«Прокурор прав, когда говорит, что я как человек, обладающий чувством ответственности, как человек, получивший хорошее образование, снявший добрую жатву с жизненного опыта, что я должен был предвидеть последствия своих действий. Да, я знал, что играю с огнем, знал, что подвергаюсь риску, и если бы мне дали свободу, — я снова поступил бы так же. Я много думал об этом последние ночи. Я почувствовал сегодня утром, что не исполнил бы своего долга, если бы не сказал того, что говорю сейчас. Я старался и стараюсь избежать насилий. Непротивление злу насилием— первый и последний догмат моей веры. Но мне приходилось выбирать: либо покоряться политической системе, которая, по моему убеждению, причинила непоправимое зло моей стране, либо принять на себя ответственность за тот безумный взрыв негодования, который охватит мой народ, когда он услышит из уст моих правду. Я знаю, что иной раз мой народ становится безумным. Я глубоко огорчен этим; и вот почему я здесь и хочу подвергнуться каре не легкой, но самой тяжкой. Я не прошу о милосердии, я не ходатайствую о признании каких-либо смягчающих обстоятельств. Я здесь, чтобы попросить и с радостью принять самую тяжкую кару, какая может постигнуть за то, что закон считает преднамеренный преступлением, а я — первейшим долгом гражданина. Судьи, у вас нет выбора: или подавайте в отставку или покарайте меня!»…
После этой смелой импровизации, где в величественном аккорде с героической твердостью политического вождя разрешились сомнения религиозной совести, Ганди прочитал написанное им обращение к индийскому и английскому обществу.

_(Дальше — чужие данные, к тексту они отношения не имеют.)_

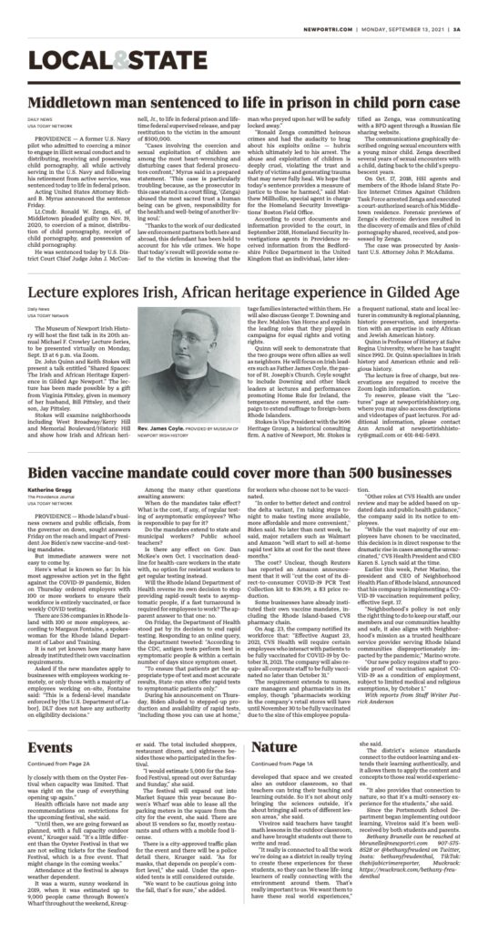 Press Rhode Island Monthly Summer Guide – “Rainy Day Activities”June 1, 2025Read ArticleE-VersionNewport Daily News – “Dancing at the Forty Steps this weekend”March 25, 2025Read ArticleE-VersionNewport Daily News – “Beyond the Parade: 5 ways to celebrate St. Patrick’s Day”March 12, 2025Read ArticleE-VersionNewport Neighbors – “Irish History Month Highlights”March 1, 2025Read ArticleNewport Daily News: Lecture by Scott B. Spencer on traditional Irish musicFebruary 22, 2025Read ArticleWhatsUpNewp.com – “Lecture to explore Irish music’s impact on identity”February 22, 2025Read ArticleE-VersionRhode Island Monthly: Must-Visit Museums offer glimpses into R.I. LifeFebruary 1, 2025Read ArticleE-VersionNewport Daily News: “5 Newport Area Holiday Events”December 11, 2024Read ArticleE-VersionNewport This Week: “Irish Museum Kids-off 23rd Annual Lecture Series Sept. 18”September 18, 2024Read ArticleWhatsUpNewp.com – Newport Irish History lecture on March 20 will focus on ‘The Great Cutter Race of 1905’”March 15, 2024Read ArticleE-VersionNewport This Week: “The Great Cutter Race of 1905″March 14, 2024Read ArticleE-VersionWPRI CBS Channel 12 Providence, R.I.: Host of “The Rhode Show” pays a pre-St. Patrick’s Day visit to the Museum of Newport Irish History Interpretive CenterMarch 14, 2024Read ArticleVideoNewport Daily News: “March offers more than St. Patrick’s Day Parade”February 28, 2024Read ArticleE-VersionNewport Daily News: “Holiday Happenings include Open house at Irish Museum”December 6, 2023Read ArticleE-VersionNewport This Week: “A conversation with Deanna Conheeny” (Museum board president)October 5, 2023Read ArticleE-VersionNewport Daily News: Irish Museum kicks off lecture series with Christine KinealySeptember 26, 2023Read ArticleRhode Island Catholic: “Historic Catholic Cemetery tours offered this October”September 21, 2023Read ArticleNewport Daily News – “Upcoming Lecture on Newport’s Kerry Hill Irish”November 12, 2022Read ArticleE-VersionNewport Daily News – “Next talk in Irish lecture series slated for Tuesday”October 15, 2022Read ArticleE-VersionNewport Daily News – “Lecture to Discuss Newport’s First Irish Mayor”March 22, 2022Read ArticleE-VersionWhatsUpNewp.com – “Lecture on March 23 will spotlight Newport’s first Irish mayor, Patrick J. Boyle”March 16, 2022Read ArticleE-VersionNewport This Week – “Irish Heritage Celebrated Throughout the City”March 3, 2022Read ArticleE-VersionNewport Daily News – “Events to get you into the Irish spirit”March 1, 2022Read ArticleE-VersionNewport Neighbors – “Newport’s Early Irish Community: Where it all Began”March 1, 2022Read ArticleE-Version
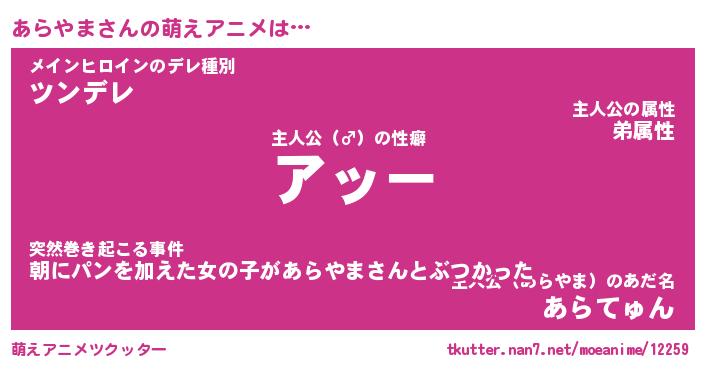 | 女子向けラノベタイトル風あだ名 | 『誰かこのあらやまを説明してください! ~契約から始まるウェディング~』 |

В этом обращении он говорит, что обязан разъяснить людям, «почему из сторонника лояльности и ярого сотрудника британского правительства он стал противником его и непримиримым проводником „Отказа от сотрудничества“. Он восстанавливает перед ними Картину своей общественной жизни, начиная с 1893 года. Он напоминает им все, что пришлось ему претерпеть от британского правительства как индусу, свои двадцатипятилетние упорные старания улучшить эту систему во власти призрачной иллюзии, что это достижимо без отложения Индии от Империи. Вплоть до 1899 г., несмотря на все свои невзгоды, он защищал необходимость сотрудничества. Но насилия и преступления английских властей превзошли всякую меру. И правительство вместо того, что бы загладить их, точно бросая вызов совести Индии, чествовало, вознаграждало, наделяло пенсиями виновных. Само правительство порвало связь со своими подданными. Теперь Ганди пришел к убеждению, что даже предлагаемые Англией реформы будут гибельны для Индии. Правительство держится эксплоатацией масс. Законы составлены ради эксплоатации их. Закон проституирован в угоду эксплоататоров. Тонкая и властная система террора деморализовала народ и научила его притворяться. Индия разорена, Индия изголодалась. Индия пала, и многие в праве были сказать, что потребуется нарождение новых поколений для того, чтобы Индия могла управляться самостоятельно, как доминион. Ни одно правительство, притеснявшее Индию в прошлые времена, не причинило ей столько зла, сколько Англия. Отказ от сотрудничества с преступниками является нравственным долгом. Ганди свой долг исполнил. Но если раньше крайним средством борьбы считалось насилие, то теперь он дал в руки своему народу оружие непобедимое — Непротивление злу насилием.
И тут начинается рыцарский поединок между судьей Брумсфильдом и Махатмой.
„Господин Ганди, признав факты, вы до известной степени облегчили мне задачу. Но определение справедливой меры наказания — одна из труднейших обязанностей судьи… Невозможно скрыть, что вы являетесь в глазах миллионов людей великим вождем и великим патриотом. Даже те, кто не разделяет ваших политических взглядов, считает вас носителем высоких идеалов, человеком благородной жизни и даже святым… Но мой долг судить вас только как человека, подчиненного закону… В Индии, вероятно, мало лиц, которые искренно не пожалели бы, чтобы вы сделали для правительства невозможным ваше оставление на свободе. Но это так… я стараюсь воздать вам должное, не причинив ущерба интересам государства“…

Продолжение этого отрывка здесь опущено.